§ Problem: From the records below, output exactly the lines running from the line containing "继承(受遗赠)不动产登记公告 编号:刘铭(2587)" through the line containing "The frame of", and no others.

§ Input material:
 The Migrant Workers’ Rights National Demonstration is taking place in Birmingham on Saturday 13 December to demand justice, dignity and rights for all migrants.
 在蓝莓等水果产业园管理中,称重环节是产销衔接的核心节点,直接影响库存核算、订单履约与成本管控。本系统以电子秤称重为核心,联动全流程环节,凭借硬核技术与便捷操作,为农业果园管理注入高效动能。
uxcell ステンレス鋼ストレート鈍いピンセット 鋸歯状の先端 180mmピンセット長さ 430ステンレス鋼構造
...
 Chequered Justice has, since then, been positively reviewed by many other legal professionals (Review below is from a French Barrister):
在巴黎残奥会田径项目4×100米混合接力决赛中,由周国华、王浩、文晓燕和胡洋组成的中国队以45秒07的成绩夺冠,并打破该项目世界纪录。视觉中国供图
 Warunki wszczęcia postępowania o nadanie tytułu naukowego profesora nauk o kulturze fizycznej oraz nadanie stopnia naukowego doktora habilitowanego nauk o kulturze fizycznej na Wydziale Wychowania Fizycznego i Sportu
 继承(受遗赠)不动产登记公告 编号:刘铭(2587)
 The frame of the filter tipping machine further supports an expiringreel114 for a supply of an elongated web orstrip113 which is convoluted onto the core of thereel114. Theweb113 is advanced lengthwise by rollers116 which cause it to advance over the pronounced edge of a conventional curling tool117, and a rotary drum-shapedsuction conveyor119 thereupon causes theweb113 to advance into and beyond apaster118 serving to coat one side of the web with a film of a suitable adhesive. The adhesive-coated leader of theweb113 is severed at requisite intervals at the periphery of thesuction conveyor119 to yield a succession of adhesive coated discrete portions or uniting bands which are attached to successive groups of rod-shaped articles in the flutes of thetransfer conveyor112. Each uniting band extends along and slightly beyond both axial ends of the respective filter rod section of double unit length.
...
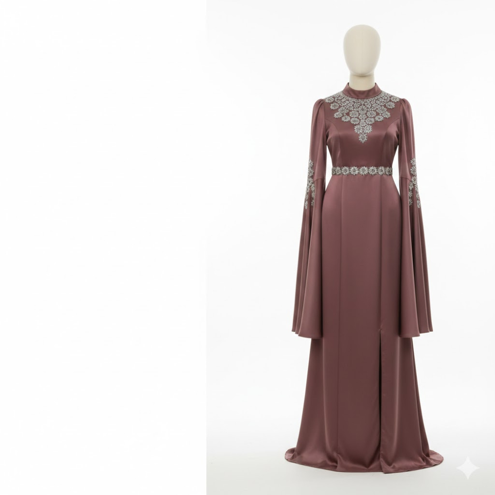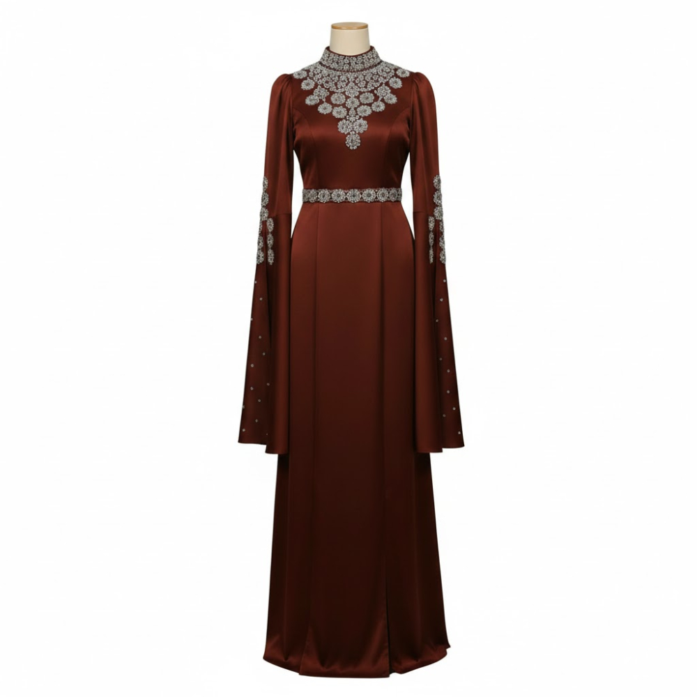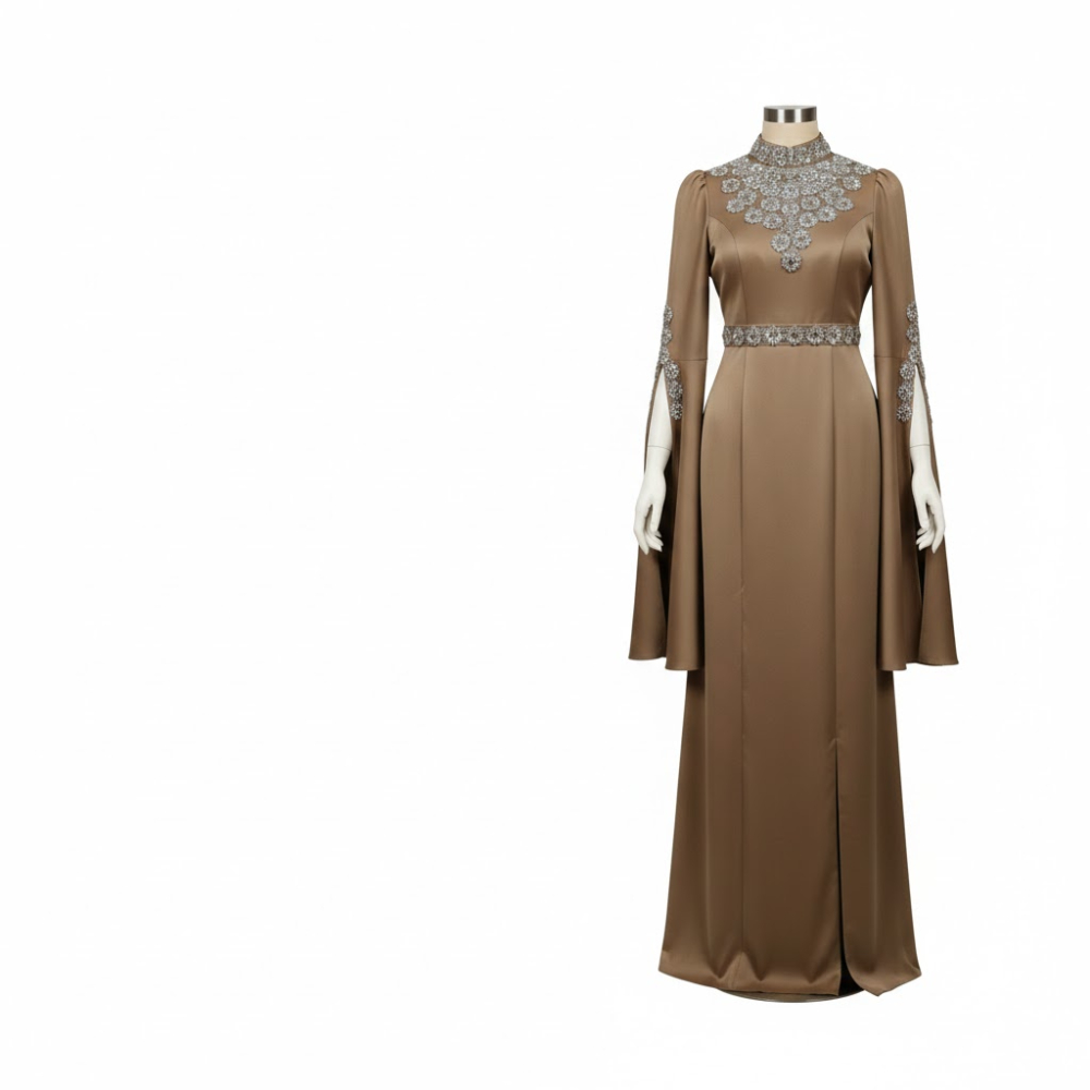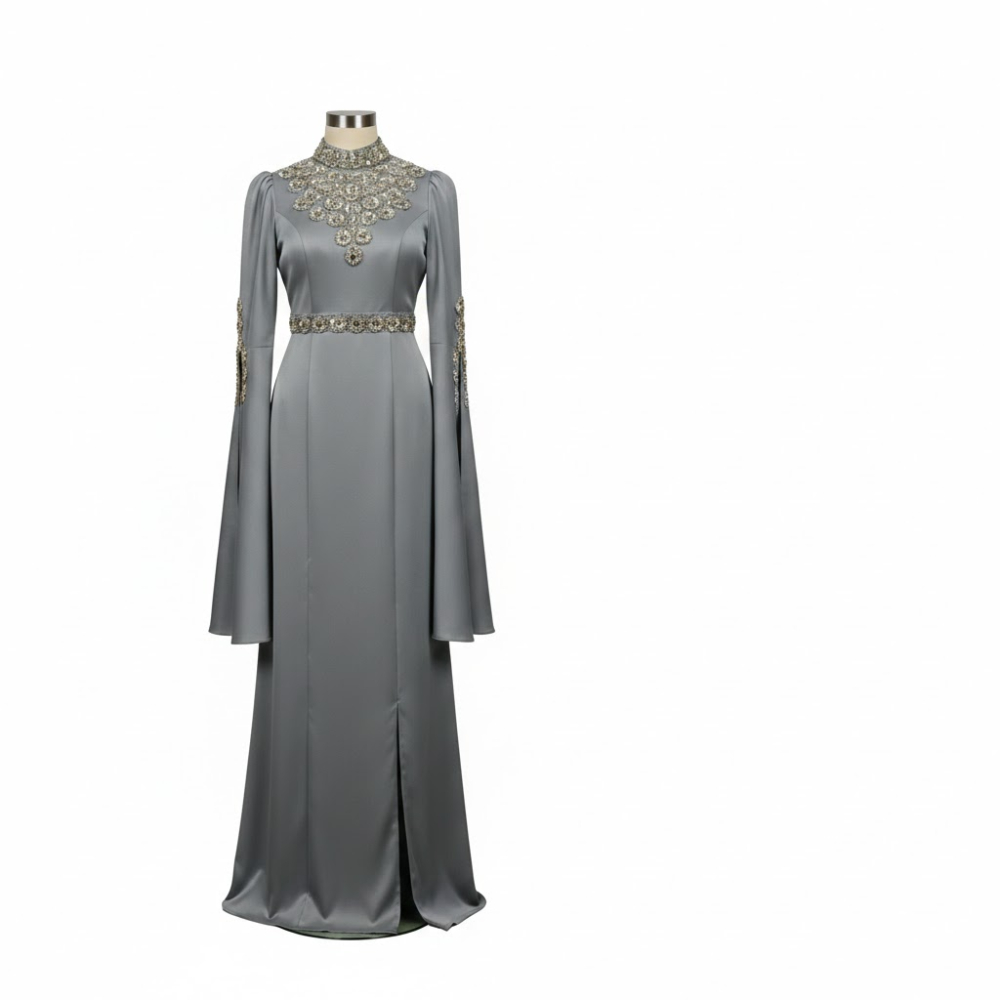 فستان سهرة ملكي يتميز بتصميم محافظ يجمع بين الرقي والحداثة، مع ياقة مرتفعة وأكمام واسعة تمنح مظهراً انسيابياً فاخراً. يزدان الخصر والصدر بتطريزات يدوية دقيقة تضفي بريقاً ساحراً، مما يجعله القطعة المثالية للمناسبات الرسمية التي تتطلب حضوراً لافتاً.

§ Exercise output:
 继承(受遗赠)不动产登记公告 编号:刘铭(2587)
 The frame of the filter tipping machine further supports an expiringreel114 for a supply of an elongated web orstrip113 which is convoluted onto the core of thereel114. Theweb113 is advanced lengthwise by rollers116 which cause it to advance over the pronounced edge of a conventional curling tool117, and a rotary drum-shapedsuction conveyor119 thereupon causes theweb113 to advance into and beyond apaster118 serving to coat one side of the web with a film of a suitable adhesive. The adhesive-coated leader of theweb113 is severed at requisite intervals at the periphery of thesuction conveyor119 to yield a succession of adhesive coated discrete portions or uniting bands which are attached to successive groups of rod-shaped articles in the flutes of thetransfer conveyor112. Each uniting band extends along and slightly beyond both axial ends of the respective filter rod section of double unit length.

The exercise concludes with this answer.